Hopefully I'm not embarrassing myself with these questions. Just some things I've been wondering about as an incoming MS1 interested in academic surgery.
 
Is it even always a pay cut for surgery? It's possible to use state employee salary searches and find numerous academic surgeons making 600k-1m; is that really so far below what a comparable PP would be making? Or is that comparison really apples and oranges since these academics are at the apex of their fields, whereas a PP doc making a similar salary doesn't necessarily have to be a nationally known physician at the top of the food chain?

Hopefully I'm not embarrassing myself with these questions. Just some things I've been wondering about as an incoming MS1 interested in academic surgery.

Those surgeons making that kind of money tend to be in leadership roles; it is not the assistant and associate professors in most cases. Then again, if you bring in the $$, you have far more negotiation power.

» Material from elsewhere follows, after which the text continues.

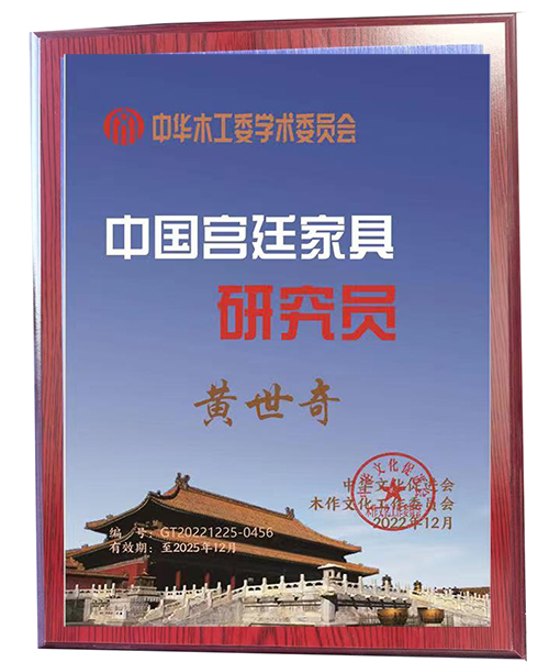 經(jīng)中華木工委學(xué)術(shù)委員會(huì)批準(zhǔn),黃世奇同志(衡水藝舍木業(yè)有限公司董事長(zhǎng))任職中華木工委學(xué)術(shù)委員會(huì)中國(guó)宮廷家具研究員,任期至2025年12月。

ACGME produces a book which lists the average salaries based on academic ranking and location. For example, a junior assistant fellowship trained surgeon at my residency program started at $153,000 per year, far below what a similarly trained surgeon in PP would make. Now that salary includes malpractice (which is highly variable based on geography and specialty) other benes and office staff, something you would have to pay for in PP. I know what the offers are for my specialty and even with these expenses, I make more in PP (but nowhere near 1 mil/year :p ).

YMMV.
 
Academics refers to those that spend a portion of their time involved in research. The whole "working at a hospital with residents covering your call and med students writing your notes" thing is not academics. PP surgeons aren't excluded from obtaining a position in academics, but how they would spring up a research career out of nowhere is a little puzzling.

I'm a student at one of the largest research-oriented medical centers in the country, and I can tell you that many of my professors do little to no research. There are, of course, plenty of faculty members who spend most of all of their time in the lab, but they are often PhDs or MD/PhDs.

Some of the pathologists around here rotated on-and-off of being on service (i.e., being involved with clinical duties) and being in the lab, so they spend X months a year doing one, and Y months a year doing the other. However, they are the exception, not the rule, as pathology can be a particularly research-friendly field.

As far as the comment a previous poster made regarding how much they enjoyed their rotation through the PP offices in their community, a definitely see the benefit of this. I had a similar experience, and it was eye-opening, as most of my other rotations were within medical academia. Billing and management are huge aspects of PP that med schools don't make an effort to teach you. Additionally, some of the PP docs I worked with were better teachers than some of the academics, perhaps because of their need to explain diseases and treatments to moms and pops from the community, as opposed to explaining molecular pathophys at a lab meeting or in a lecture hall.

If TL;DR, then cliffnotes: everyone has something different to offer and teach you.
 
Sounds like you don't know what academics means.

Academics refers to those that spend a portion of their time involved in research. The whole "working at a hospital with residents covering your call and med students writing your notes" thing is not academics. PP surgeons aren't excluded from obtaining a position in academics, but how they would spring up a research career out of nowhere is a little puzzling.

Lol. There's more to academics than research.